═══ Exercise inputs ═══

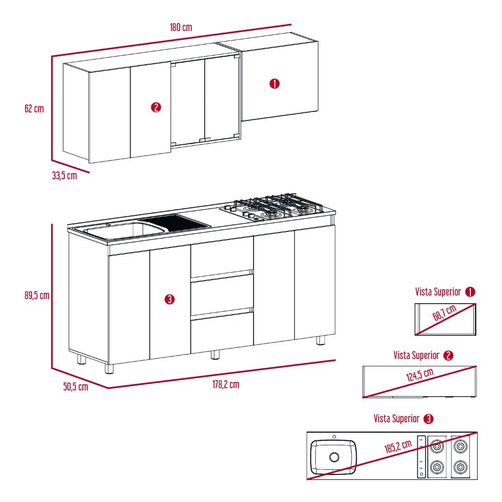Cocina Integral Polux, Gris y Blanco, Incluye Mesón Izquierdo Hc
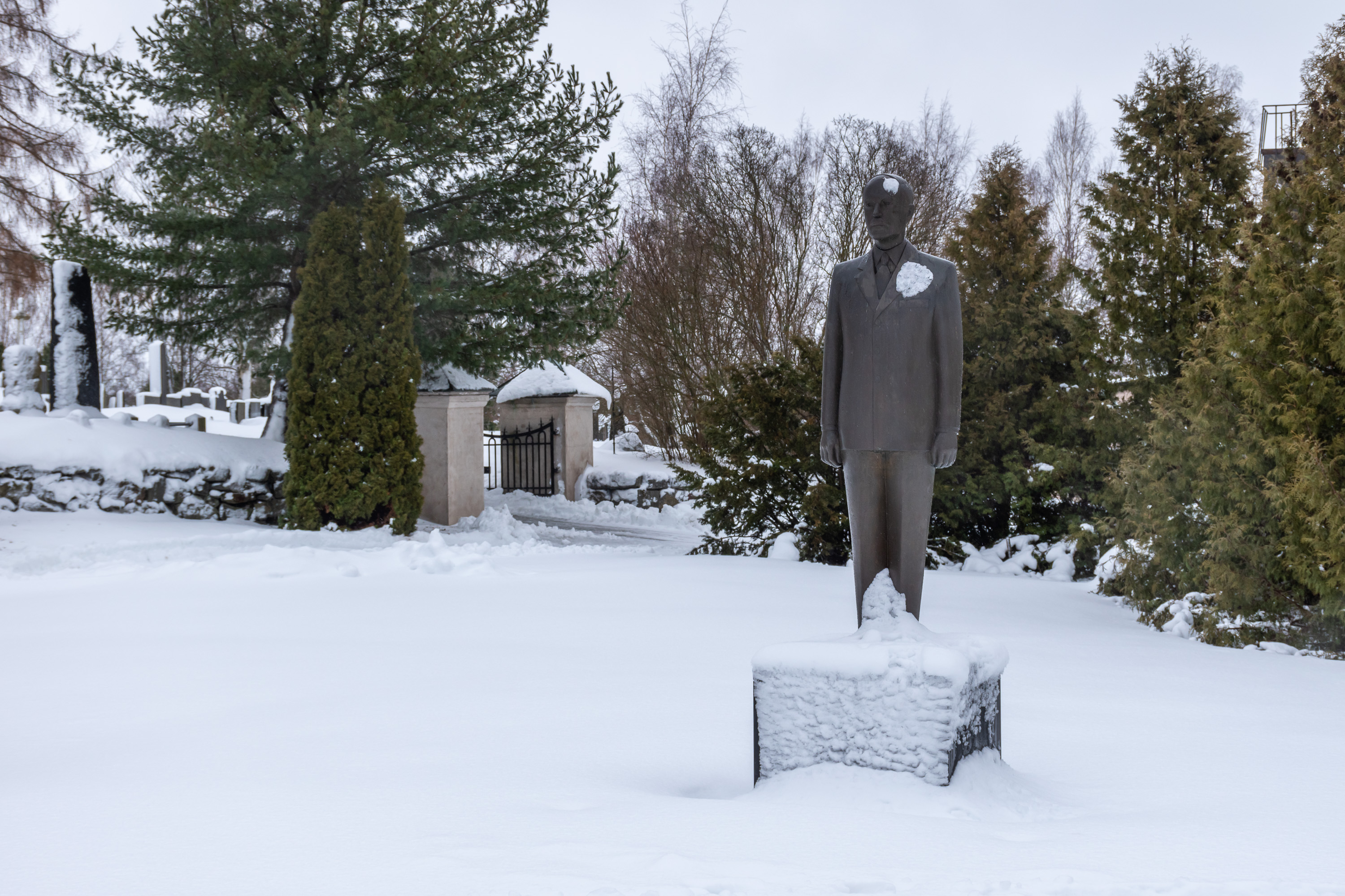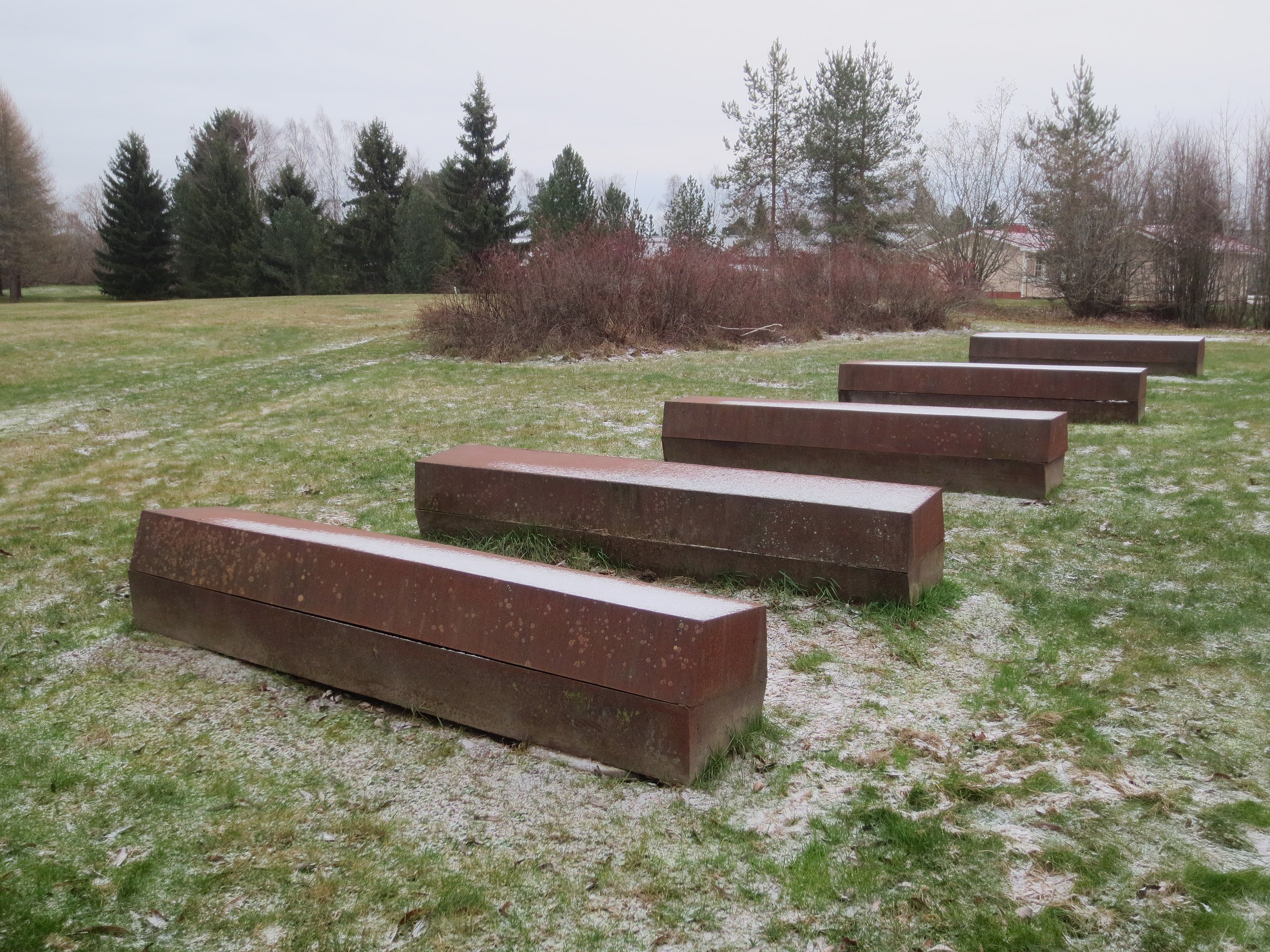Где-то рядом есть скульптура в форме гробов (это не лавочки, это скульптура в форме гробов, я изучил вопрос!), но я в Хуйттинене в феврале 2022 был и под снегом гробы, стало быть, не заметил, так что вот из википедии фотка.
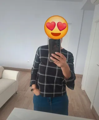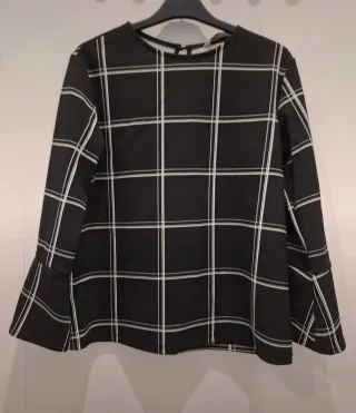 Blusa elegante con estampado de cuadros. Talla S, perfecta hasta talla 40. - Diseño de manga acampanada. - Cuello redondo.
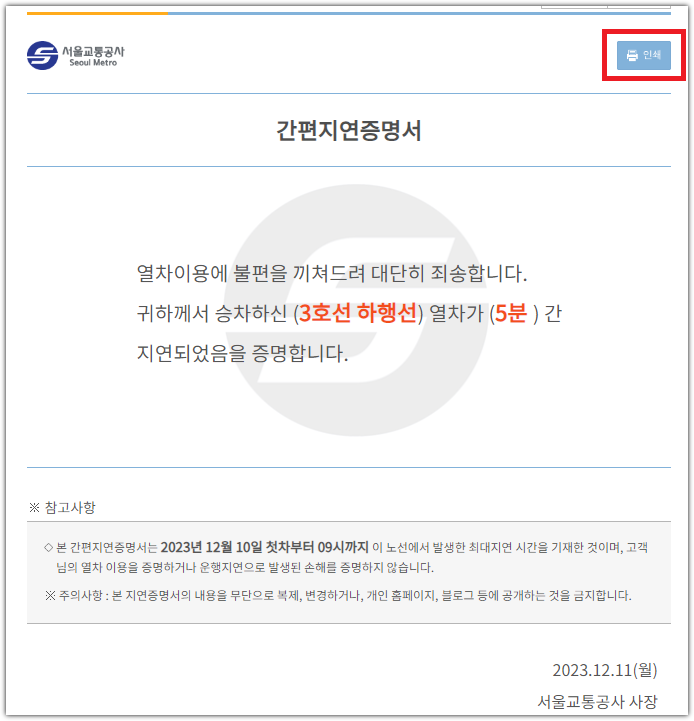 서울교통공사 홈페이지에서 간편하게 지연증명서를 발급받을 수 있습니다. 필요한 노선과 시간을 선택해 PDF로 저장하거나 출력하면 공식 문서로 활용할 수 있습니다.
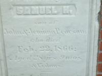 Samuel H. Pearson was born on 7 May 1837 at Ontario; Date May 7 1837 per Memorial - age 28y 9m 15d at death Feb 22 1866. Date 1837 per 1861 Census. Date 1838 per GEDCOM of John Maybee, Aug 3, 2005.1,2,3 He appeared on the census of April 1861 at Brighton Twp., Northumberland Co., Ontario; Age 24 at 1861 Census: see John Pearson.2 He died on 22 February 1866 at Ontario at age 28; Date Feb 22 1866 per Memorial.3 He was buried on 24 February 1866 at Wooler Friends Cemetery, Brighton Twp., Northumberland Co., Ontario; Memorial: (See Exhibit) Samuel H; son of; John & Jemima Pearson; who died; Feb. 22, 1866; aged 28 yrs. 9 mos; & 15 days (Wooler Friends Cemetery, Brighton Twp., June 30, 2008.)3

═══

Task prompt: Print only the lines from the first line of the data above through the one containing "서울교통공사 홈페이지에서 간편하게", exactly as they are, with pictures omitted.

Task result:
Cocina Integral Polux, Gris y Blanco, Incluye Mesón Izquierdo Hc
Где-то рядом есть скульптура в форме гробов (это не лавочки, это скульптура в форме гробов, я изучил вопрос!), но я в Хуйттинене в феврале 2022 был и под снегом гробы, стало быть, не заметил, так что вот из википедии фотка.
 Blusa elegante con estampado de cuadros. Talla S, perfecta hasta talla 40. - Diseño de manga acampanada. - Cuello redondo.
 서울교통공사 홈페이지에서 간편하게 지연증명서를 발급받을 수 있습니다. 필요한 노선과 시간을 선택해 PDF로 저장하거나 출력하면 공식 문서로 활용할 수 있습니다.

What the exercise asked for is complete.